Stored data
====

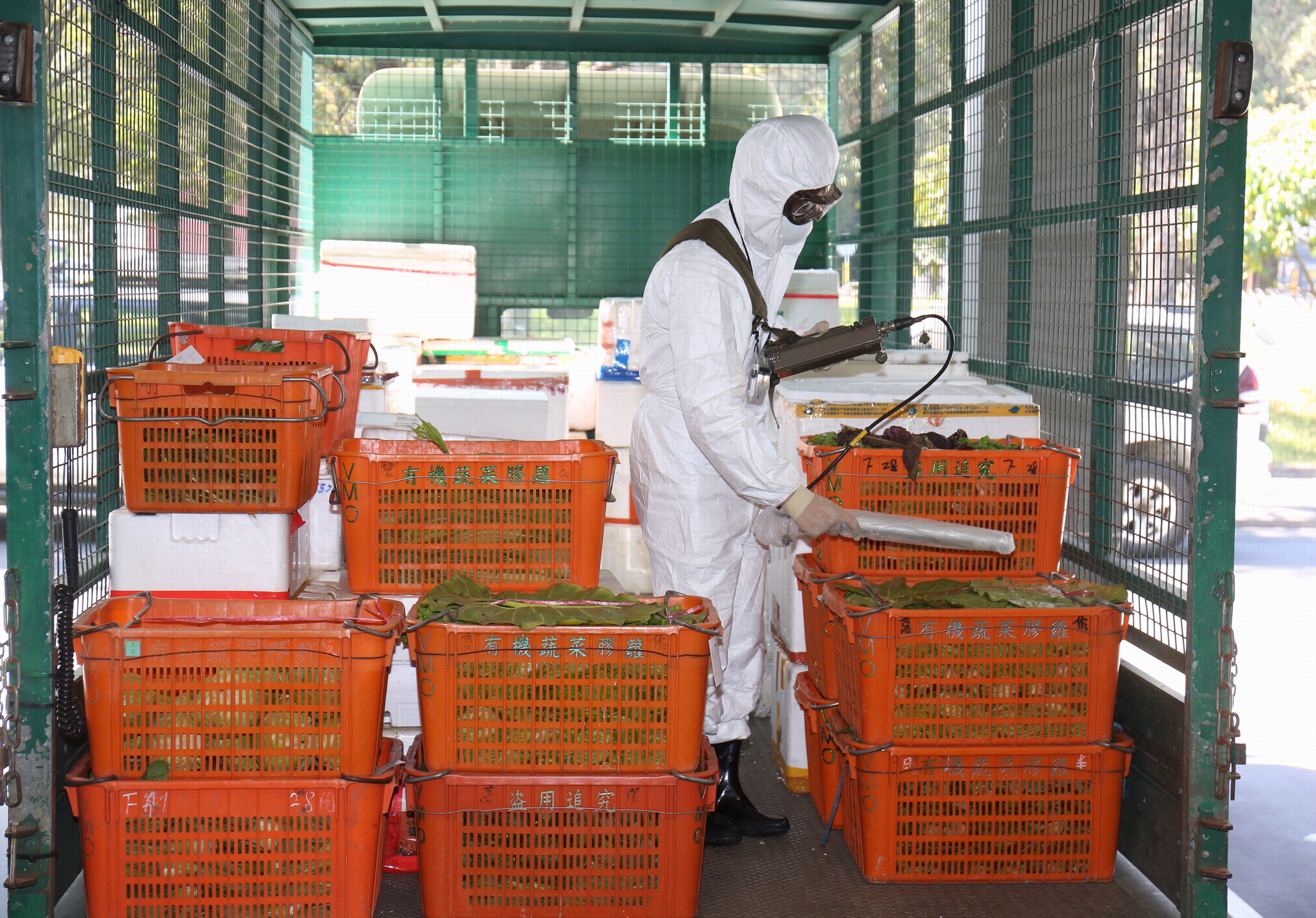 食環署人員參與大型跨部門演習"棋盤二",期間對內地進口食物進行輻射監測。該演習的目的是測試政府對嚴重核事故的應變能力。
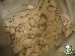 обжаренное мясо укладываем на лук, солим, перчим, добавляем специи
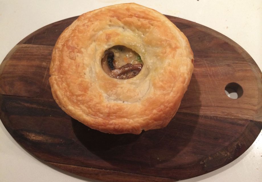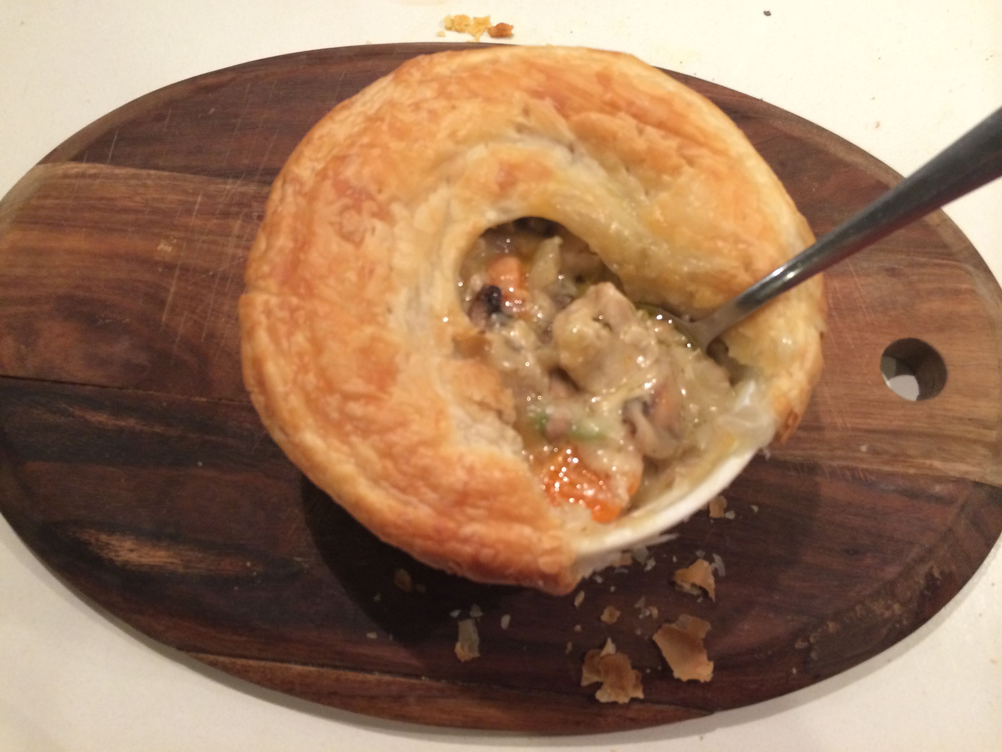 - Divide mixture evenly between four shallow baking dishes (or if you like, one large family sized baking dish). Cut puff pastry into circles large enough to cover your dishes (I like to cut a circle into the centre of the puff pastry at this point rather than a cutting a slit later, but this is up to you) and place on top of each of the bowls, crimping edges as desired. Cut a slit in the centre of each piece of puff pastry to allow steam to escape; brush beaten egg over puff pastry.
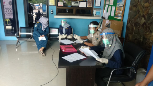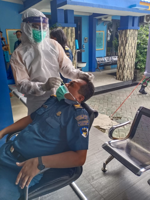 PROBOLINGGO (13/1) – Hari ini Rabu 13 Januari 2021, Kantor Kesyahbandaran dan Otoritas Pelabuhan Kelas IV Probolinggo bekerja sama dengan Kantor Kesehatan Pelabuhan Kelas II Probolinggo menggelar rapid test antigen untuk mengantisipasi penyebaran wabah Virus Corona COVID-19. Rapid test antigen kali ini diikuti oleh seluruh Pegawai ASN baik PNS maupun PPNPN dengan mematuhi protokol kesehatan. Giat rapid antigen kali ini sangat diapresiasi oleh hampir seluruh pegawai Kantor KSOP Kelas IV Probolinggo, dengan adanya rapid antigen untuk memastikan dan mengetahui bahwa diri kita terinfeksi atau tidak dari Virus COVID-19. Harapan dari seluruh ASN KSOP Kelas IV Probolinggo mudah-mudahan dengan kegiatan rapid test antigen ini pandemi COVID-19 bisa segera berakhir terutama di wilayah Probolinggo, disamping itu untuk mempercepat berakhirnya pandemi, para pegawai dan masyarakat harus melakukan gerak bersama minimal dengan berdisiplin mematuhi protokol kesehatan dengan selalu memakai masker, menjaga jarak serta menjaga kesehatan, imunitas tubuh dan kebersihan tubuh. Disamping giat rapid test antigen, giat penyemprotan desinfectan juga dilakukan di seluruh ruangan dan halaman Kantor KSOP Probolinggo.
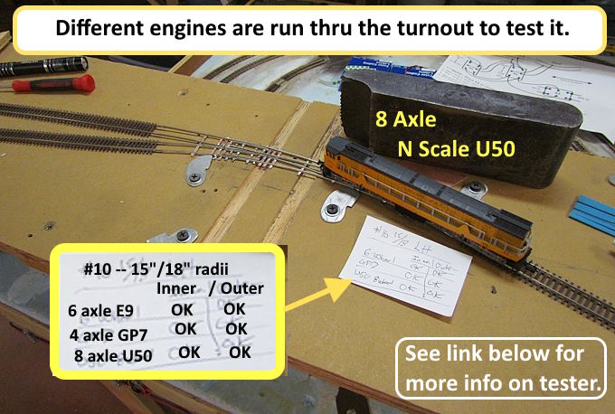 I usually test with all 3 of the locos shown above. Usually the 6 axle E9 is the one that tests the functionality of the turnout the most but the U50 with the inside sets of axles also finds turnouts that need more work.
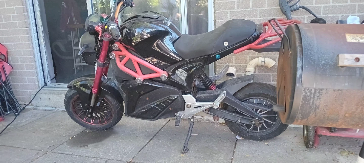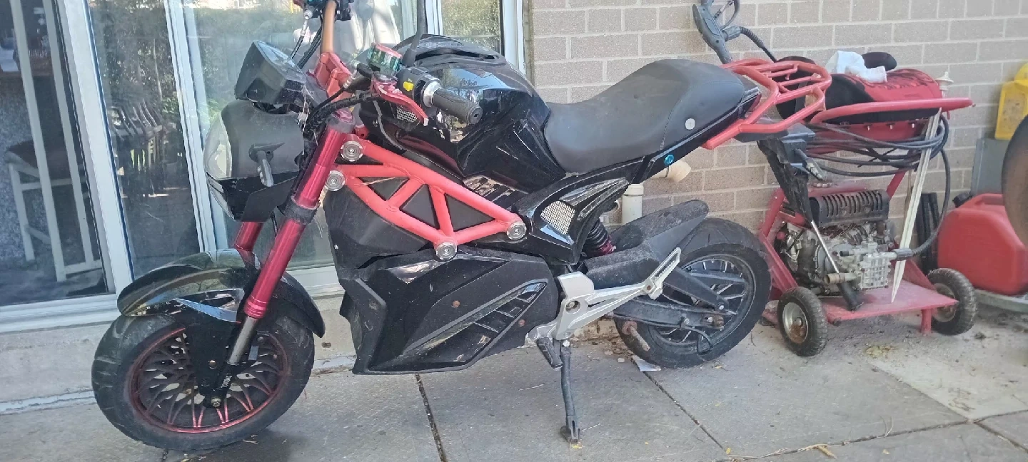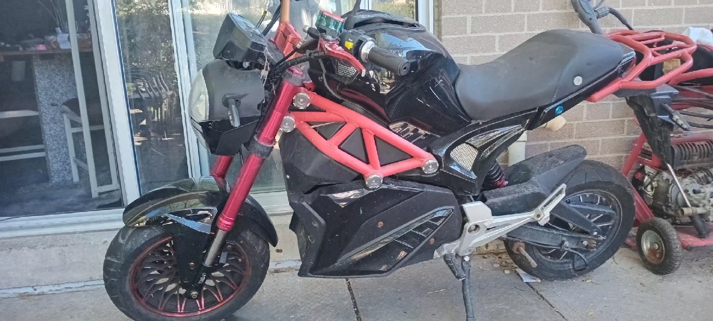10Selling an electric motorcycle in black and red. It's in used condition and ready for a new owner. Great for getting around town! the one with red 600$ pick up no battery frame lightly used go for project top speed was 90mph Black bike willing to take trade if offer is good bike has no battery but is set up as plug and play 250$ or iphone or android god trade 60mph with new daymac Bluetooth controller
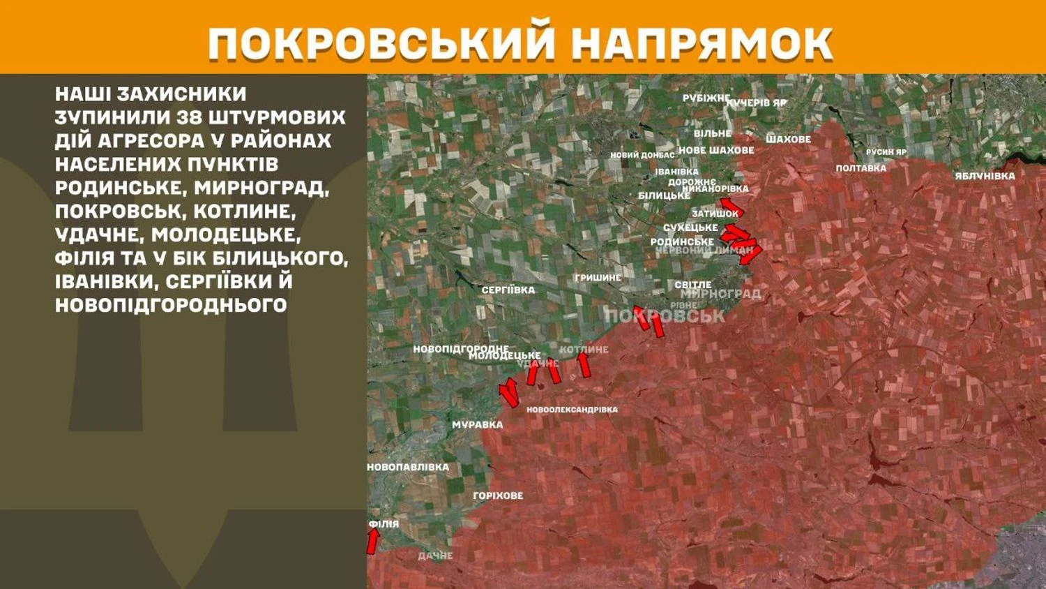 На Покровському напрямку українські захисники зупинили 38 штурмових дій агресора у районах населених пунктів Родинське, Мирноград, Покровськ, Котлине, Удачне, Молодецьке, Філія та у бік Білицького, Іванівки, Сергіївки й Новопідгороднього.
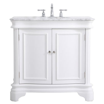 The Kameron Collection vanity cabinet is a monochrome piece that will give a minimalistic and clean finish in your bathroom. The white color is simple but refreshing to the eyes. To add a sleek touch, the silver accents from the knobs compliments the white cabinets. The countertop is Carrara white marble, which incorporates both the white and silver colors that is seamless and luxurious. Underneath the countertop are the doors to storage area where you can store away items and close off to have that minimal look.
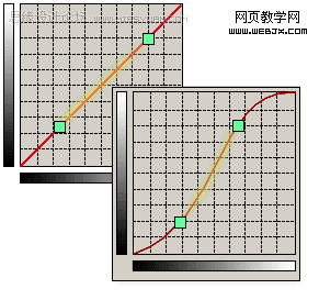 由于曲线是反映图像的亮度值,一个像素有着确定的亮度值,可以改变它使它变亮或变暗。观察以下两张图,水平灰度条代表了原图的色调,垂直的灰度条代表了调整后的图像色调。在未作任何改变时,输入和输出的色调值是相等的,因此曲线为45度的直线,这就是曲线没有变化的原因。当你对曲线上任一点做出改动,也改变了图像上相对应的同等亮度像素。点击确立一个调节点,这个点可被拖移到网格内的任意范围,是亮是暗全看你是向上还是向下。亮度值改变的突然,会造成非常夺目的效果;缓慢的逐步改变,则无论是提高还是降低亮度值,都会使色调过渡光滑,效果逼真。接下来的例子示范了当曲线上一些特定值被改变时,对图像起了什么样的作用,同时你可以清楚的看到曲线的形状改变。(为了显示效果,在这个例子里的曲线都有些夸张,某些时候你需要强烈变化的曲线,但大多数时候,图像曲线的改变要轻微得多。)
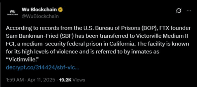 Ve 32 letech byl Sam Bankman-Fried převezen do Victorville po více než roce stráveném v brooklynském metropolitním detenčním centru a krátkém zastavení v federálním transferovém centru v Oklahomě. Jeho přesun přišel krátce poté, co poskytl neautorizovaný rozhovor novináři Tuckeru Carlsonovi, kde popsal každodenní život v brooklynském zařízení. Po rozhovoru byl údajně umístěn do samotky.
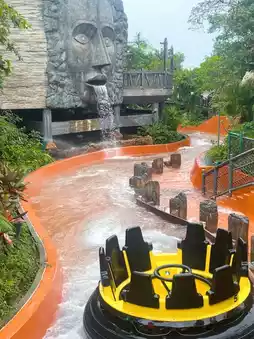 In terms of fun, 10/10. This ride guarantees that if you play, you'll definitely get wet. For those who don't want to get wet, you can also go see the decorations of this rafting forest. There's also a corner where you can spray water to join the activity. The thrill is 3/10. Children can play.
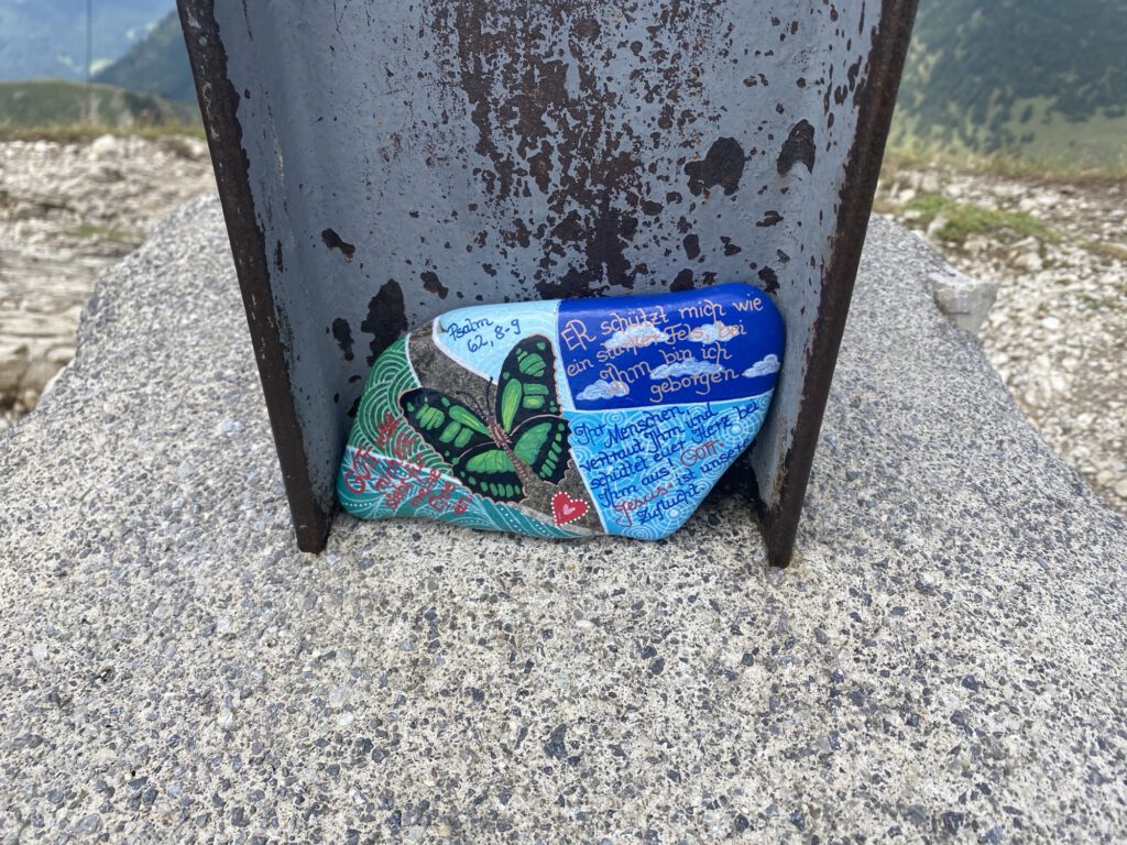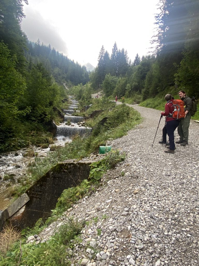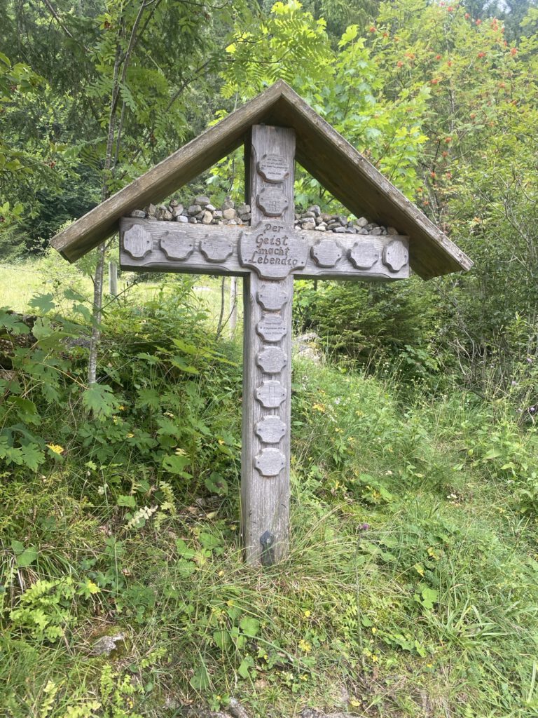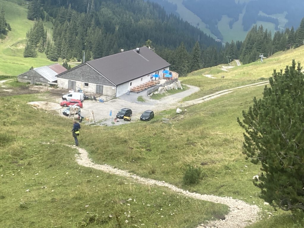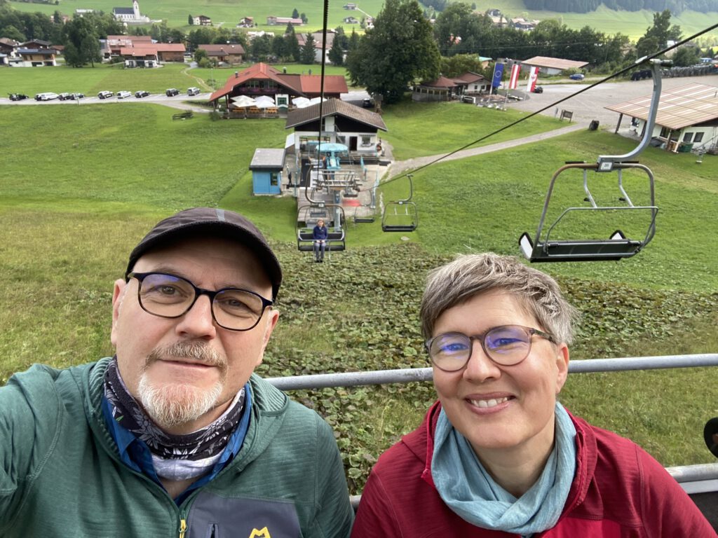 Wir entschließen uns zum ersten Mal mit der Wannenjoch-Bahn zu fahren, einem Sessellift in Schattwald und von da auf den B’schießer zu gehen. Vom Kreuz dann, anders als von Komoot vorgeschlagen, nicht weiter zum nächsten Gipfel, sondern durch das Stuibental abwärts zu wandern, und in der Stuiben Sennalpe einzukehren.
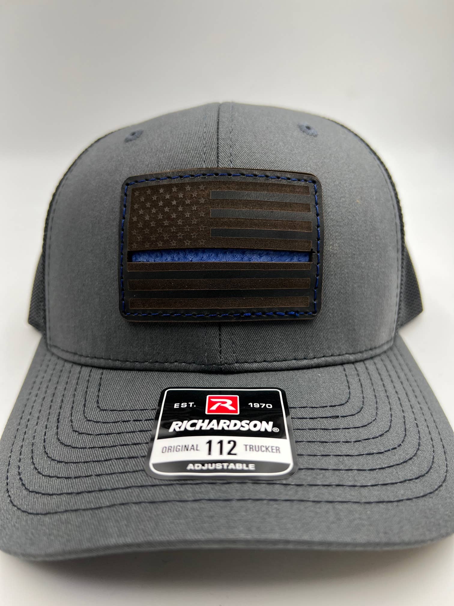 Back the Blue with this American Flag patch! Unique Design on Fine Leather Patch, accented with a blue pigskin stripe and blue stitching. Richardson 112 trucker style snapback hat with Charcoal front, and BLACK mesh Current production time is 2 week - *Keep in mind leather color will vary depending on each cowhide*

====

DIRECTIONS FOR THIS TASK:
Both the first line of the records above and the line containing "- Divide mixture" belong in the copy; please return them and every line between, exactly, minus the pictures.

WRITTEN SOLUTION:
 食環署人員參與大型跨部門演習"棋盤二",期間對內地進口食物進行輻射監測。該演習的目的是測試政府對嚴重核事故的應變能力。
 обжаренное мясо укладываем на лук, солим, перчим, добавляем специи
 - Divide mixture evenly between four shallow baking dishes (or if you like, one large family sized baking dish). Cut puff pastry into circles large enough to cover your dishes (I like to cut a circle into the centre of the puff pastry at this point rather than a cutting a slit later, but this is up to you) and place on top of each of the bowls, crimping edges as desired. Cut a slit in the centre of each piece of puff pastry to allow steam to escape; brush beaten egg over puff pastry.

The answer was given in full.